Down to the last line, repeat the entries exactly and drop any image.

- _THE DATA_:
◇ ◇ ◇ ◇
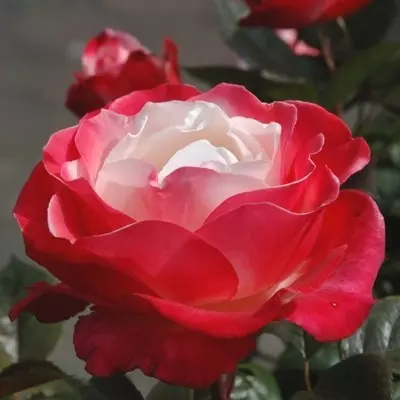 Virág jellemzői: a kétszínű fajták egyik csodaszép változata, krémfehér-piros színben pompázik egész nyáron, teltvirágú, csábító, intenzív illat jellemzi
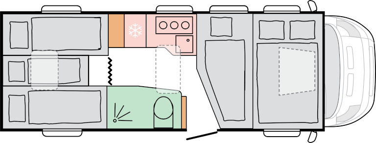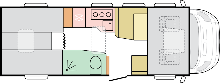 Notranjost avtodoma vas bo presenetila s prostornostjo in premišljeno uporabo prostora. Avtodom nudi odlične odlagalne in shranjevalne površine ter kuhinjo v kateri je vse pri roki. Udobna sedežna skupina zagotavlja dovolj prostora, na voljo pa so vam tudi udobna ležišča.
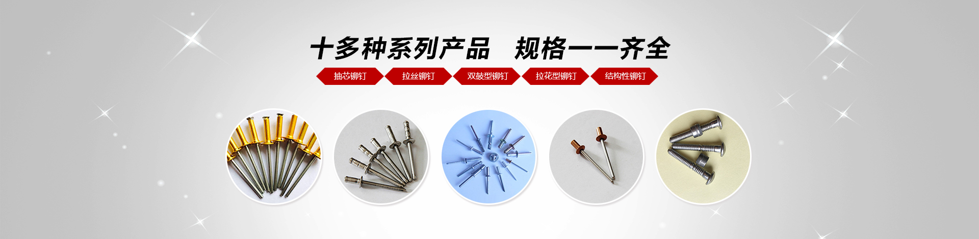我們主要產(chǎn)品有:2.4-6.4的圓頭,沉頭(平頭),開口,封閉系列抽芯鉚釘(拉釘),還有燈籠鉚釘,拉絲鉚釘,雙鼓型鉚釘,拉花型鉚釘?shù)鹊冉Y(jié)構(gòu)性鉚釘,材質(zhì)有鋁,不銹鋼,鐵,銅;還有M3-M12的平頭,沉頭,小頭系列鉚螺母,有圓桿型、帶槽型、六角型(半六角)、盲孔型等,材質(zhì)有鋁,不銹鋼,鐵,銅。
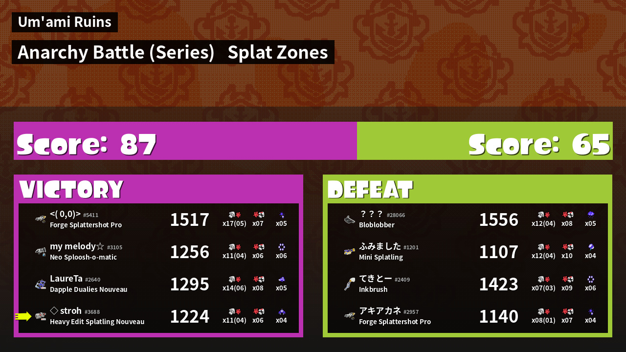 | Faraway Recollection  <( 0,0)> #5411 |  Forge Splattershot Pro                    | 1,517 | 12 + 5 | 7 | 1.71 |  5 | |
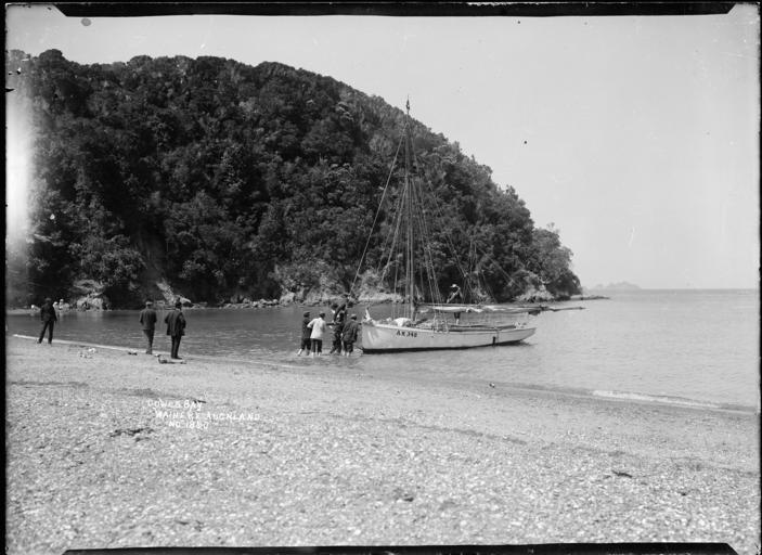 | Keywords: blackandwhite monochrome outdoor photo border black and white View of men boarding a yacht (AK 348) from the bow end. The yacht is close to shore at the north end of Cowes Bay. Three other men are standing nearby watching. Photographed by William Archer Price in early 1900s. Inscriptions: Inscribed - Photographer's title on negative -bottom left: Cowes Bay. Waiheke. Auckland. No 1860. Quantity: 1 b&w original negative(s). Physical Description: Dry plate glass negative 4.5 x 6.5 inches Men boarding a yacht, Cowes Bay, Waiheke Island. Price, William Archer, 1866-1948 :Collection of post card negatives. Ref: 1/2-000443-G. Alexander Turnbull Library, Wellington, New Zealand. natlib.govt.nz/records/22431533 View of men boarding a yacht (AK 348) from the bow end. The yacht is close to shore at the north end of Cowes Bay. Three other men are standing nearby watching. Photographed by William Archer Price in early 1900s. Inscriptions: Inscribed - Photographer's title on negative -bottom left: Cowes Bay. Waiheke. Auckland. No 1860. Quantity: 1 b&w original negative(s). Physical Description: Dry plate glass negative 4.5 x 6.5 inches Men boarding a yacht, Cowes Bay, Waiheke Island. Price, William Archer, 1866-1948 :Collection of post card negatives. Ref: 1/2-000443-G. Alexander Turnbull Library, Wellington, New Zealand. natlib.govt.nz/records/22431533 |
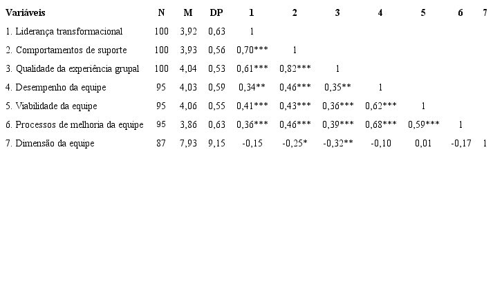 Na Tabela 1 são apresentadas as médias, os desvios-padrão e as correlações entre todas as variáveis em estudo. Como é possível verificar, as correlações da variável de controle (dimensão da equipe) com as outras variáveis não são significativas, com exceção dos comportamentos de suporte e da qualidade da experiência grupal. Assim, seguindo as recomendações de Becker (2005) para omitir as potenciais variáveis de controle que não se correlacionam com as variáveis critério, a dimensão da equipe foi apenas considerada nas análises relativas aos comportamentos de suporte (H1) e à qualidade da experiência grupal (H2c e H3c).
◇ ◇ ◇ ◇
- _ANSWER FOR THIS EXERCISE_:
 Virág jellemzői: a kétszínű fajták egyik csodaszép változata, krémfehér-piros színben pompázik egész nyáron, teltvirágú, csábító, intenzív illat jellemzi
 Notranjost avtodoma vas bo presenetila s prostornostjo in premišljeno uporabo prostora. Avtodom nudi odlične odlagalne in shranjevalne površine ter kuhinjo v kateri je vse pri roki. Udobna sedežna skupina zagotavlja dovolj prostora, na voljo pa so vam tudi udobna ležišča.
我們主要產(chǎn)品有:2.4-6.4的圓頭,沉頭(平頭),開口,封閉系列抽芯鉚釘(拉釘),還有燈籠鉚釘,拉絲鉚釘,雙鼓型鉚釘,拉花型鉚釘?shù)鹊冉Y(jié)構(gòu)性鉚釘,材質(zhì)有鋁,不銹鋼,鐵,銅;還有M3-M12的平頭,沉頭,小頭系列鉚螺母,有圓桿型、帶槽型、六角型(半六角)、盲孔型等,材質(zhì)有鋁,不銹鋼,鐵,銅。
 | Faraway Recollection  <( 0,0)> #5411 |  Forge Splattershot Pro                    | 1,517 | 12 + 5 | 7 | 1.71 |  5 | |
 | Keywords: blackandwhite monochrome outdoor photo border black and white View of men boarding a yacht (AK 348) from the bow end. The yacht is close to shore at the north end of Cowes Bay. Three other men are standing nearby watching. Photographed by William Archer Price in early 1900s. Inscriptions: Inscribed - Photographer's title on negative -bottom left: Cowes Bay. Waiheke. Auckland. No 1860. Quantity: 1 b&w original negative(s). Physical Description: Dry plate glass negative 4.5 x 6.5 inches Men boarding a yacht, Cowes Bay, Waiheke Island. Price, William Archer, 1866-1948 :Collection of post card negatives. Ref: 1/2-000443-G. Alexander Turnbull Library, Wellington, New Zealand. natlib.govt.nz/records/22431533 View of men boarding a yacht (AK 348) from the bow end. The yacht is close to shore at the north end of Cowes Bay. Three other men are standing nearby watching. Photographed by William Archer Price in early 1900s. Inscriptions: Inscribed - Photographer's title on negative -bottom left: Cowes Bay. Waiheke. Auckland. No 1860. Quantity: 1 b&w original negative(s). Physical Description: Dry plate glass negative 4.5 x 6.5 inches Men boarding a yacht, Cowes Bay, Waiheke Island. Price, William Archer, 1866-1948 :Collection of post card negatives. Ref: 1/2-000443-G. Alexander Turnbull Library, Wellington, New Zealand. natlib.govt.nz/records/22431533 |
 Na Tabela 1 são apresentadas as médias, os desvios-padrão e as correlações entre todas as variáveis em estudo. Como é possível verificar, as correlações da variável de controle (dimensão da equipe) com as outras variáveis não são significativas, com exceção dos comportamentos de suporte e da qualidade da experiência grupal. Assim, seguindo as recomendações de Becker (2005) para omitir as potenciais variáveis de controle que não se correlacionam com as variáveis critério, a dimensão da equipe foi apenas considerada nas análises relativas aos comportamentos de suporte (H1) e à qualidade da experiência grupal (H2c e H3c).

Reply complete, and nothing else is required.